You will notice that if you put the API call directly in your browser you will be brought to a page with the data in JSON format. You'll also notice that the API call specifies the category (LiveAnimals), the start and end year, the element, which are the stock prices and the item, Chickens. Currently our portal only supports the retrieval of Ethiopian data as that is the focus of our pilot study.
We are still developing our metadata API. 

In our Python use case you will need three libraries downloaded: json, requests and pandas.

import json
import requests
import pandas as pd
import seaborn as sns
import matplotlib.pyplot as plt

# Create apiCall
apiCall = "http://15.223.72.239:8000/gbads/LiveAnimals/?year_start=2005&year_end=2018&element=Stocks&item=Chickens"

response = requests.get(apiCall).json()

# Print the response so we can see what we got.
print(response)

In some cases, you may want to convert your response to a pandas dataframe, visualize the result, or save the result to a csv file. Below we will demonstrate how you can accomplish each of the following:

# Create pandas dataframe from api response
response = pd.DataFrame(response)

# What is our result? Print the first 10 rows of the dataframe.
print(response.head(10))

Before we go ahead and graph this data, we can use pandas to get a general overview of the data that we got from the api call.

# Which columns do we have? 
print(response.columns)

We can also see summaries of the columns:

response.describe()
# Graph time!
response.plot.scatter(x='Year',
y='Value',
c='DarkBlue')

And for fun, lets visualize a linear relationship through seaborn's linear regression function. The function provides a regression line on a plot with a 95% confidence interval.


ax = sns.regplot(x="Year", y="Value", data=response)

# Set axis labels
ax.set(xlabel='Year', ylabel='Number of Live Animals (1000 Heads)')

# Add a title
plt.title("Number of Live Chickens in Ethiopia")

# Show the result
plt.show(ax)

As you can see, with very little work we have gathered the data from the API, converted into a pandas dataframe, and plotted a regression.

We could also plot the data and visualize which points correspond to official data, and which were imputted:

# Different colours for the flag descriptions
sns.scatterplot(x="Year", y="Value", hue="Flag Description", data=response)

# Set axis labels
ax.set(xlabel='Year', ylabel='Number of Live Animals (1000 Heads)')

# Add a title
plt.title("Number of Live Chickens in Ethiopia")

# Show the result
plt.show(ax)

If you are interested in simply gathering the data from the API and saving it as a csv, you can use the code below to do so.

import json
import requests
import pandas as pd

# Create apiCall
apiCall = "http://15.223.72.239:8000/gbads/LiveAnimals/?year_start=2005&year_end=2018&element=Stocks&item=Chickens"

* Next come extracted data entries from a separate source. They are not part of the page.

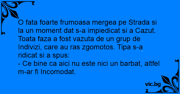 O fata foarte frumoasa mergea pe Strada si la un moment dat s-a impiedicat si a Cazut. Toata faza a fost vazuta de un grup de Indivizi, care au ras zgomotos. Tipa s-a ridicat si a spus: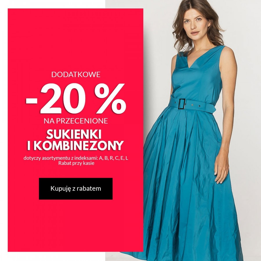 Tylko do 3 września możesz skorzystać z dodatkowych -20% na PRZECENIONE sukienki i kombinezony. Rabat naliczany jest przy kasie.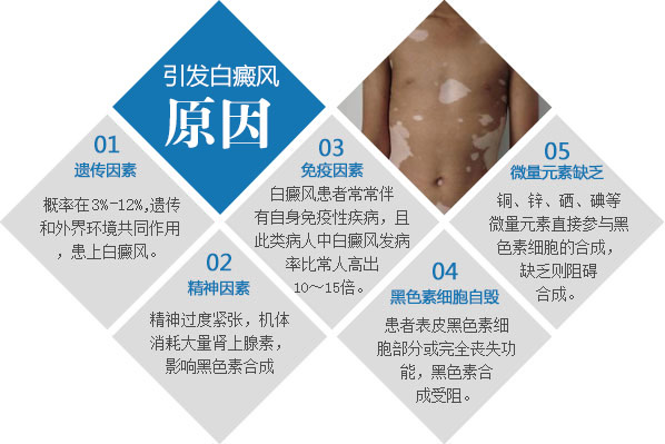 白癜风作为一种常见的色素脱失性皮肤病,以皮肤形成白斑为特征,是一种十分影响容貌的皮肤疾病,以易诊断、难治疗而著称,是世界三大皮肤顽疾之一。任何疾病的发病都是有因可寻的,只有全面了解发病原因,才是攻克白斑顽疾的第一步。对此,青岛白癜风研究所医生组经过多年临床数据分析统计了白癜风的发病原因及诱发因素!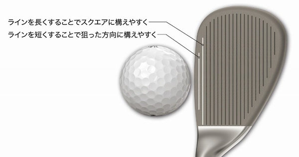 フェース下部に配した2本のショットアライメントラインにより、アドレス時にフェースをスクエアにキープしやすくなり、ショットの安定性を高めます。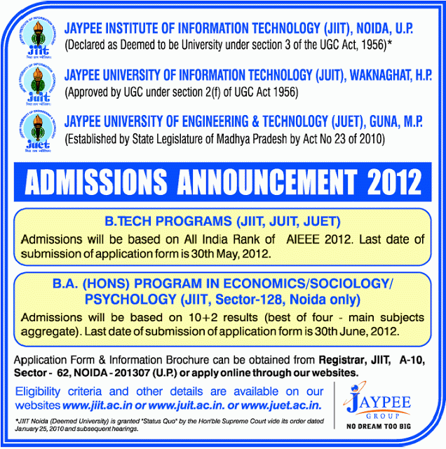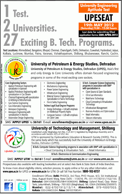 Please see below for their announcement of the UPES Engineering Aptitude Test (UPESEAT) for admissions for 2012-13:

response = requests.get(apiCall).json()

# Encoding/decoding dataframe to get it in csv format
response = response.to_json(orient='split')
response = pd.read_json(response,orient='split')

# Name of outfile. Replace this with the path to where you would like to store the file, and the filename.
outfile = 'path/to/outfile/outfilename.csv'

# Save to outfile using pandas
response.to_csv(outfile, index=False)

Here's our R implementation:

You will need to make sure that you have the httr and jsonlite R packages downloaded.

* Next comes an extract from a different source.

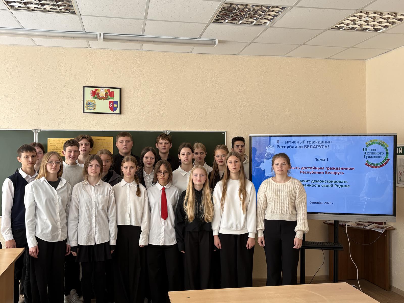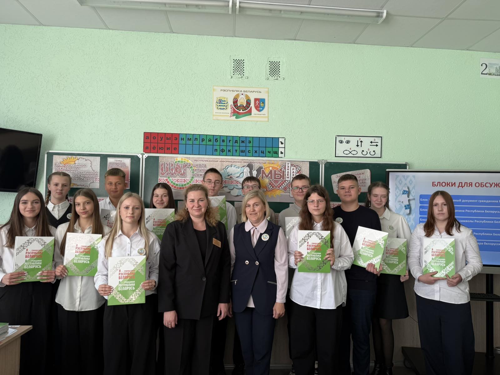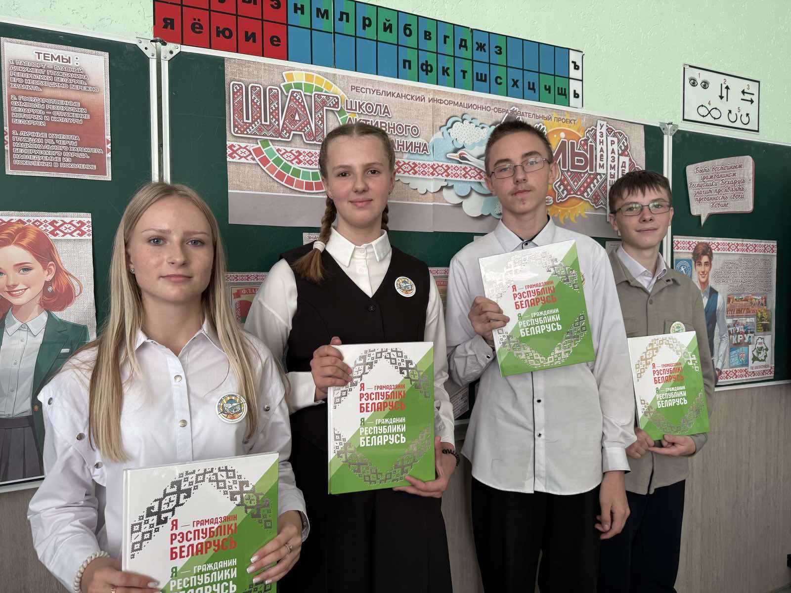 25 сентября 2026 года во всех учреждениях общего среднего образования Смолевичского района проведены занятия в рамках информационно-образовательного проекта ШАГ – «Школа Активного Гражданина» по теме «Быть достойным гражданином Республики Беларусь – быть преданным своей Родине». С учащимися была проведена беседа о паспорте гражданина Республики Беларусь, символах страны. В ходе беседы ребята обсудили личные качества гражданина Республики Беларусь, значимость гражданской позиции каждого человека для развития страны.

# Uncomment the line below if you don't already have the libraries 
# install.packages(c("httr", "jsonlite"))

# Load in libraries
library(httr)
library(jsonlite)

# Create API call
apiCall = "http://15.223.72.239:8000/gbads/LiveAnimals/?year_start=2005&year_end=2018&element=Stocks&item=Chickens"

# Send request
response = GET(apiCall)

# See what the response gives us
response

# Create a dataframe from the API response
data = fromJSON(rawToChar(response$content))

# Check to make sure that worked
class(data)

# See what the first 5 rows of the data look like
head(data)

Creating a User Profile

The guide above allows you to access the API, which allows access to open data. In the future, we anticipate private data sources which you will only have access to if you are given permissions. Our system will support the ability to create a verified user log in, which will give you access to the private sources you are granted access to via a personalized portal and API key.